The vicious circle of mistrust - and liberals' part in it

We of the left are still tending to delude ourselves in assuming that Trump supporters will come around to our point of view. We couldn’t believe that people would vote for someone as awful as Trump, and we were wrong. Now we assume that people will soon wake up to his awfulness and reject him. But it’s far from that simple. The root of the problem goes far deeper than lack of information or errors in calculating self-interest. Trump emerges from a collapse of trust – and that is not easy to reverse.
I know something about trust. I’ve written a book about it (Trust in a Complex World). And one thing I know is this: if you think trust and harmony will restored by others finally seeing that you are right, you will be sadly disappointed.
We of the Left look and Trump and see someone who constantly violates our deepest values, and assume therefore that anyone who supports him must be evil. Those of us who are comfortable in the current system – well-educated, benefiting from globalization, loving the growing diversity of music and food and culture around us – see him as a destroyer of the good. Those who consider ourselves expert on some part of the system – economics, or international affairs, say – see him taking reckless actions  that may blow everything up, and we assume everyone else will eventually see the danger.
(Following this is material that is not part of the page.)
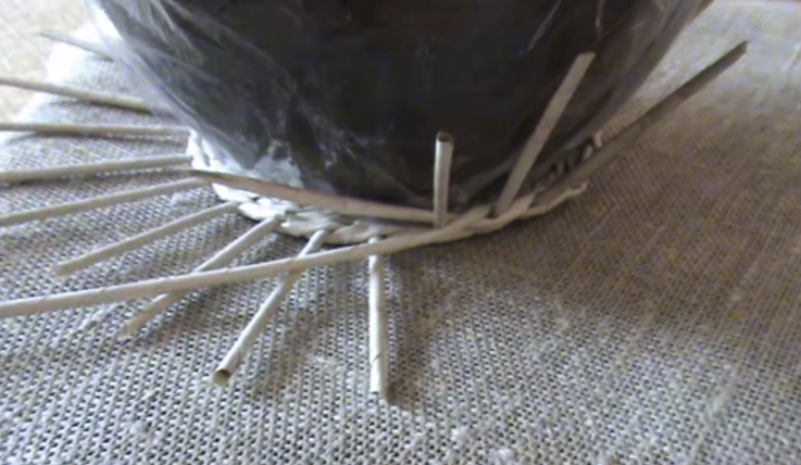 Чтобы было удобно плести, можно поставить горшок и плести вокруг.

But here’s what Trump’s supporters see: they see a world that for decades has undermined their communities, criticized their moral codes, weakened their status; they see a future that will increasingly marginalize their way of life; they see a leadership elite that is utterly alien to their sense of what’s right – a bunch of people on the coasts who love things that they hate and hate things that they love, who do not respect them, who treat them as idiots and boobs. And in Trump they see a guy who promises to break that elite, who delights in mocking them and enraging the pundits and the experts and the educated. Whether or not they agree with specific policies, Trumpists see a validation of their way of life for the first time in generations. And the more we object and protest, the more they feel Trump must be on the right track. For them, the fact that Trump is violating rules left and right is not a failing, it’s a virtue.
So what we have is a vicious circle of mistrust, one of the most dangerous of human phenomena. It has led throughout history to wars and mass destruction. When views get polarized in this way, the worse things get the more dug in the sides become. Opposition fuels a self-fulfilling prophecy. Things can literally never get bad enough that people stop and say, “Oh, we were wrong” – because they can always  blame failure on the opposition’s resistance.
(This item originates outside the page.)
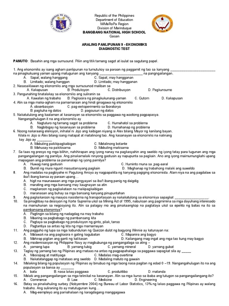 Save Save 4TH PERIODICAL TEST GRADE 9docx For Later 67 67 found this document useful Mark this document as useful 33 33 found this document not. Ang mga mag - aaral ay may Nailalapat ang kahulugan ng ekonomiks sa pang- Una pag unawa sa mga Ang mga mag -. Gumagawa ng plano upang mapabuti ang kanilang kapakanan.

We are in danger of that terrible dynamic. We of the Left talk a lot about inclusiveness, but we have done a very poor job of including much of the country. Now we’re finding ourselves forced into the position of claiming that half the citizenry is deluded or evil or stupid. That should make us uncomfortable – indeed, it should be completely unacceptable to us. But we are falling into the old pattern of saying if only those who disagree with us didn’t disagree with us, everything would be all right.
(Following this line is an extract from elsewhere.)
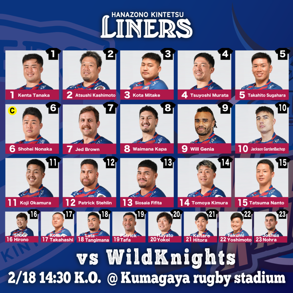 2月18日(土)14:30 K.O. vs埼玉パナソニックワイルドナイツ

The vicious circle of mistrust won’t fix itself. It won’t end because our opponents see the light. It won’t end because our moral view of the world triumphs. It will not end with the victory of one side. It will end when the vast majority of the country – not 51%, but 75% or more – build together a sense of the future that they can all live with and live in. The only way to stop the spiral towards mutual destruction is to connect, to forge new relations of inclusion and understanding, across the lines. And the place we can start, those of use on the Left, is by understanding better where the Trumpists are coming from, rather hurling insults at them.